File this one under “just when we thought that things couldn’t get any stranger…” Rachel Dolezal, president of the Spokane chapter of the NAACP and a professor in the Africana Education Department at Eastern Washington University, recently resigned from her NAACP leadership position amid allegations that she has been misrepresenting her race, claiming to be black when in fact she is white.
The apparently true allegations surfaced after Dolezal’s parents were reportedly approached by a reporter from the Coeur d’Alene Press who was investigating a string of hate crimes that Dolezal had supposedly been the victim of. That reporter discovered that both of Rachel Dolezal’s parents are white. Dolezal’s white parents, identified as Lawrence and Ruthanne Dolezal, reported that Rachel has no black ancestry whatsoever, only a trace of Native American, which I suppose is where the stories that Dolezal has reportedly told about being born in a tepee and growing up hunting for food with a bow and arrow (stories which, by the way, are also suspect) could have come from.
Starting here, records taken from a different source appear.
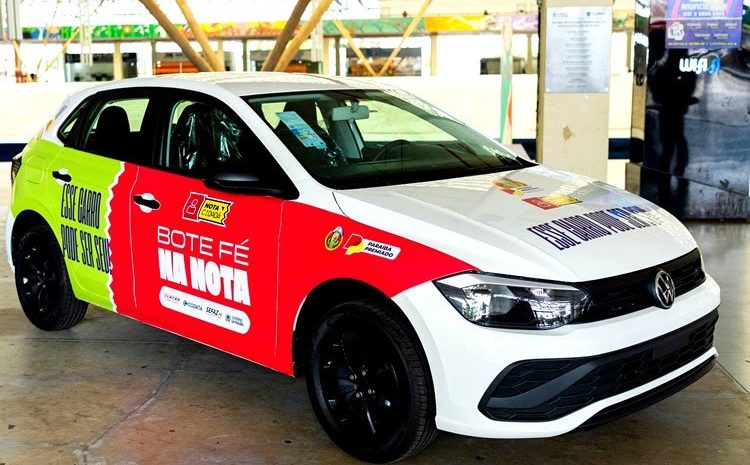 Pelo segundo ano consecutivo, o Nota Cidadã terá um prêmio extra no mês de dezembro: um carro zero quilômetro Polo Track (Volkswagen), modelo 2024/2025, além dos R$ 100 mil em dinheiro distribuídos nos 31 sorteios, sendo 30 prêmios no valor de R$ 2.500,00 e um prêmio especial de R$ 25 mil. Para concorrer aos prêmios mensais, basta exigir a nota fiscal com o CPF no comércio local em qualquer compra nos 223 municípios paraibanos.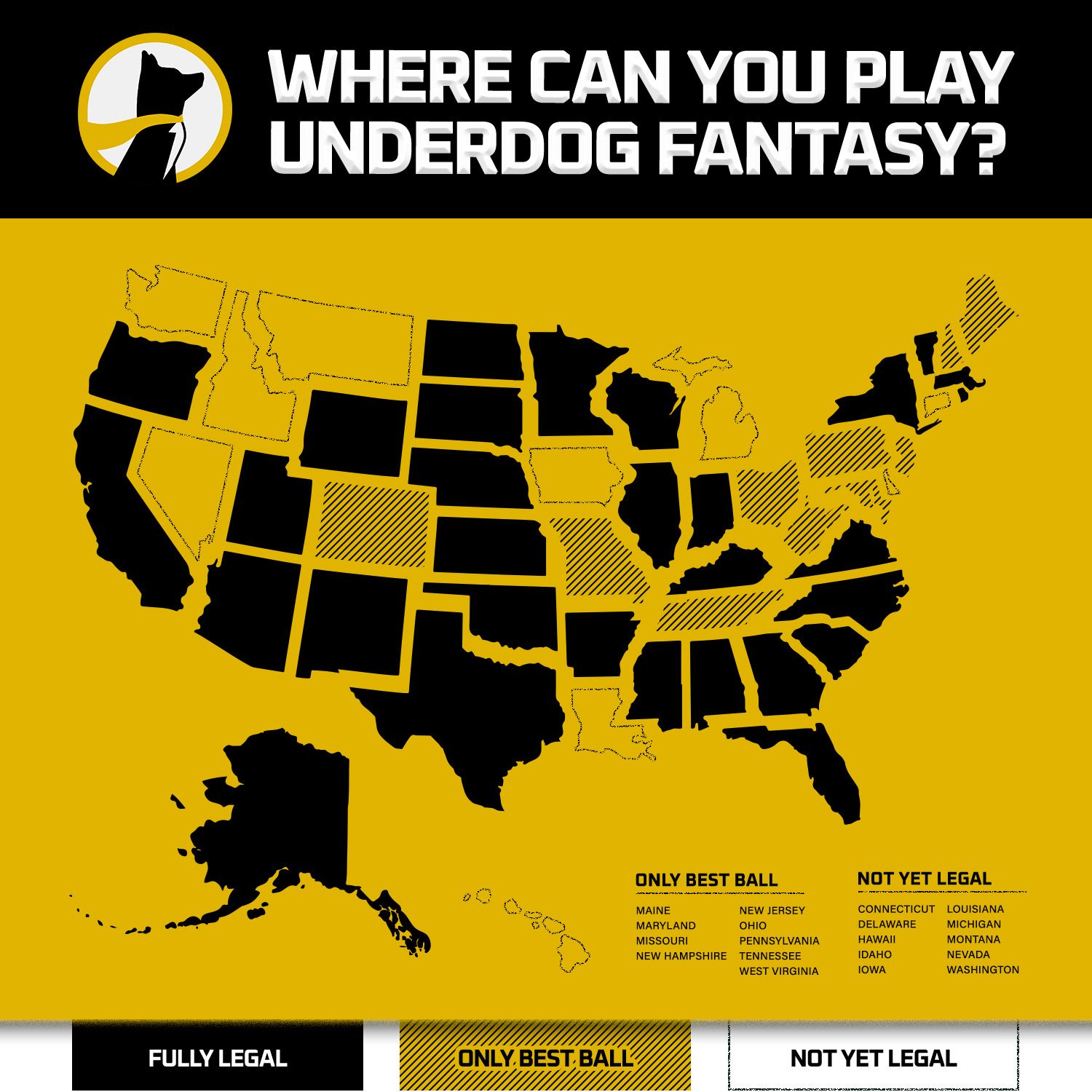 In total, Underdog best ball and fantasy drafts are available in 40 states (and Canada). Additionally, Underdog Pick’em contests are available in 32 states (and Canada).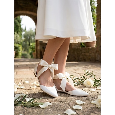 Chaussures élégantes en satin avec nœud pour demoiselles d'honneur – escarpins pointus chics pour mariages et occasions spéciales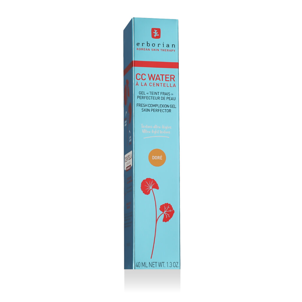 Erborian CC Water Fresh Complexion Gel Skin Perfector (Doré) - Tinted Brightening and Unifying Gel (40 ml) to rewolucyjny żelowy krem CC, który zapewnia ultralekkie krycie, intensywne nawilżenie i natychmiastowy efekt rozświetlenia. Ten odświeżający żel z technologią "water-burst" przekształca się w nawilżającą wodę z pigmentami, które dostosowują się do skóry podczas aplikacji. Odcień Doré jest idealny dla karnacji od średnio ciemnej do oliwkowej.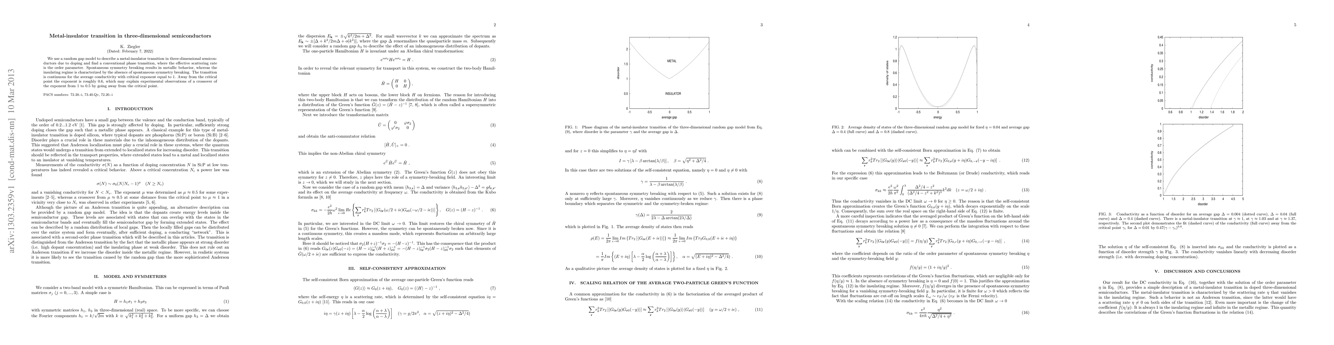 We use a random gap model to describe a metal-insulator transition in three-dimensional semiconductors due to doping and find a conventional phase transition, where the effective scattering rate is the order parameter. Spontaneous symmetry breaking results in metallic behavior, whereas the insulating regime is characterized by the absence of spontaneous symmetry breaking. The transition is continuous for the average conductivity with critical exponent equal to 1. Away from the critical point the exponent is roughly 0.6, which may explain experimental observations of a crossover of the exponent from 1 to 0.5 by going away from the critical point.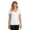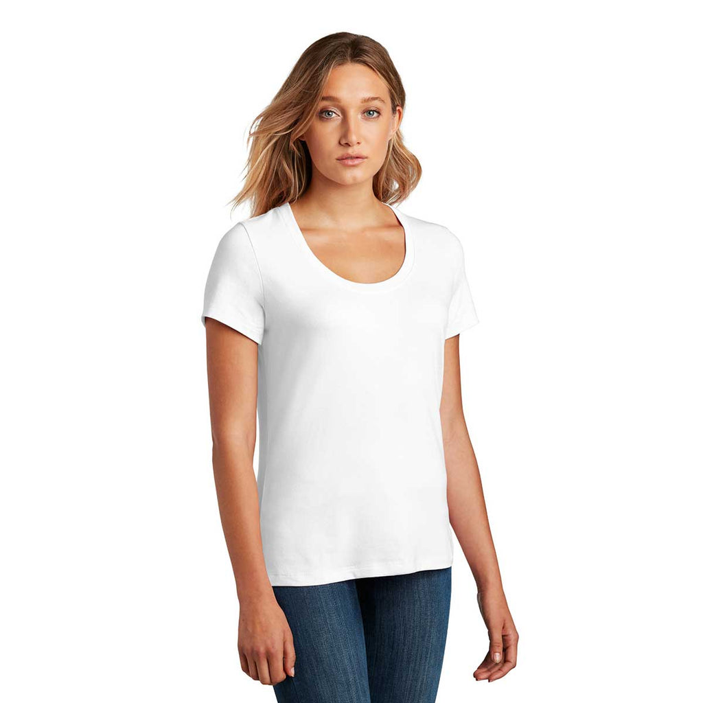 Be comfortable all day with a heat transfer District Women's White Flex Scoop Neck Tee. With just a hint of stretch this traditional fitting scoopneck is a combination of combed ring spun cotton, poly, and spandex with a rib knit neck and slight high-low rounded hem. Add a company logo to offer these at trade shows or as employee gifts or add a corporate logo to use as employee uniforms or at team events. This tee is far from basic with the all day comfort that we all want and deserve. A variety of sizes and colors are available to choose from to meet your design needs.Corresponding Men's Style: District Men's White Flex Tee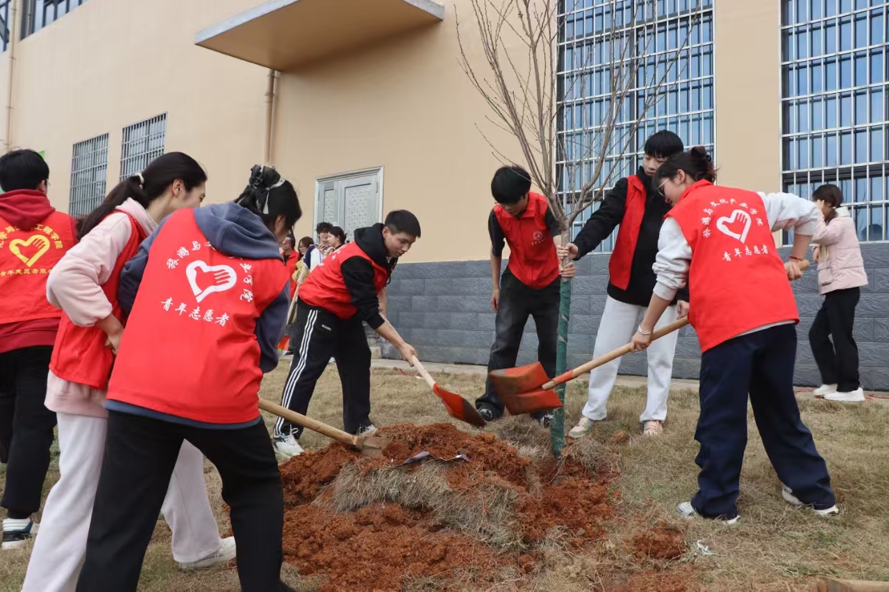 活动当天,师生们热情高涨,分工协作。曾旎老师作为活动总协调,带领学生规划种植区域,强调科学植树的重要性,寓意着廉洁建设也要遵循一定的原则,如同科学植树般不可偏差;李满老师现场示范栽种技巧,讲解树木养护知识,借此暗示廉洁品德需要悉心培育和长久维护;李思雨老师则组织学生分组行动,确保活动高效有序,这正如在廉洁工作中,有序的组织和协作能更好地推动廉洁之风的形成。挥锹挖坑、扶苗培土、提水浇灌……师生默契配合,短短两小时便成功栽种数几棵樱花树苗。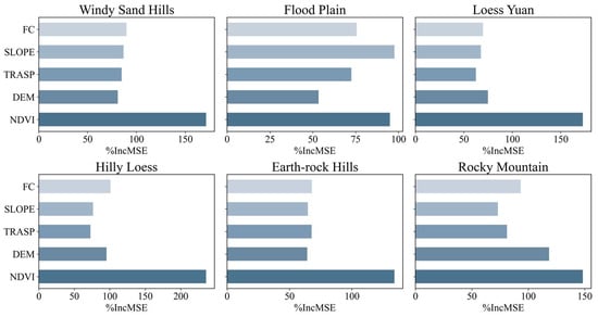 Considering that the effect of environmental variables on SM is closely related to the study period and area [76], and that the Loess Plateau has a large range, including a variety of terrain, soil, and vegetation types, the importance analysis of environmental factors based on geographical divisions could be set to a more regional characterized weight value by using RF’s variable importance measures (Table 1).

Two days ago, Rachel Dolezal sat down for an interview with the Today Show’s Matt Lauer where she took the opportunity to double down on the false racial narrative she has been living, saying that from age five she was “drawing self-portraits with the brown crayon instead of the peach crayon” and stating that she “identifies as black.”
For me, the most interesting part of the interview came when Matt Lauer asked Rachel Dolezal how long she had been “deceiving people.” Lauer probably thought he was just practicing some hard-hitting journalism, showing that he wasn’t afraid to ask the tough questions. But since the accusation of deceit necessitates the existence of truth, what Lauer was really doing was making an important statement concerning his perception of truth.
By introducing the possibility that Dolezal’s racial masquerade was deceitful, Lauer was implying that truth exists – namely the truth that Rachel Dolezal is white and not black – and that truth in fact negates Dolezal’s “identification” as black.
Now, hold that thought and rewind to late April when the same Matt Lauer interviewed Kim Kardashian and discussed Bruce Jenner’s transformation from man to woman (by woman I mean surgically-altered hormonally-enhanced man in woman’s clothes).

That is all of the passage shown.